Мне было нечего ему ответить.

— Опять возникают наши пугала, Джулиан, ведь вы слышали достаточно логических «но» насчёт её свободы, особенно от меня. Что это за свобода? Насколько она соотносится с нашим представлением о свободе? Господи, да нет у меня ответа на ваш вопрос; у нас ведь небывалый эксперимент. И почему вы спрашиваете? Вам грозит опасность влюбиться в мою куколку? Вы собираетесь просить её руки? — Опять я позволил себе бестактность и скорее почувствовал, чем услышал, как он скрипнул зубами, а потом совсем тихо, почти шёпотом, выругался. — Прошу прощения, — проговорил я рассеянно, — но ваш вопрос выбил меня из колеи и заставил о многом задуматься. Её сомнительная свобода, если сравнивать с нашей… Джулиан, нам не следует воспринимать её слишком серьёзно.

У меня было ощущение, что он застонал в ответ. Связь прервалась. Вот и всё.

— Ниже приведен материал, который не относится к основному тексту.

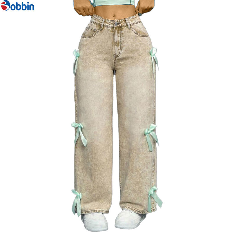 กางเกงยีนส์แฟชั่นใหม่สำหรับผู้หญิง สไตล์ใหม่ ผ้าฝ้าย ทรงขากว้าง สไตล์ลำลอง เรียบง่าย แต่งโบว์ ล้างทำความสะอาดได้ เอวสูง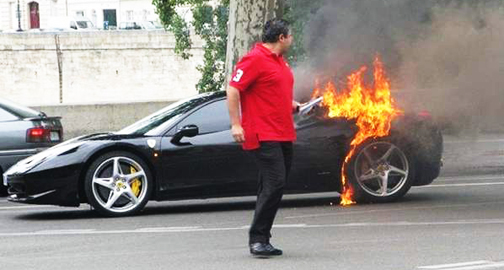 Posted Sep.5/2010 • Donde quiera cuecen habas. Una marca tan cara como Ferrari está haciendo un recall por su modelo 458 Italia, que se incendia espontáneamente. El origen del problema radica en un adhesivo empleado en el carro, que puede inflamarse por sobrecalentamiento, y que está en la bóveda de las ruedas. Unas mil 250 unidades han sido convocadas a reparación.

Однако после вылазки в казино Иоланта стала как будто больше раздражаться постоянной опекой, и у меня появились основания бояться, как бы она не взяла бразды правления в свои руки. Она сказала Маршану:

— Сколько бы это ни продлилось, вечно вы не сможете отказывать мне в моей свободе. У меня есть право вновь подумать о карьере, восстановить её, если мне захочется.

Потом она вдруг обнаружила, что в одном из её зубов стоит маленькая пломба, которую, насколько ей помнится, дантист не ставил. Но это пока ещё было лёгкое облачко, так сказать, и её удалось легко убедить, что, мол, подвела память. Однако она оказалась права: когда мы ещё раз посмотрели на снимок зубов, то ошибка была налицо.

— Как же я могла забыть? — сетовала она. — Ведь я всю жизнь до смерти боялась зубных врачей. Что ж, видно, память слабеет — возраст, милый Феликс, с ним не поспоришь.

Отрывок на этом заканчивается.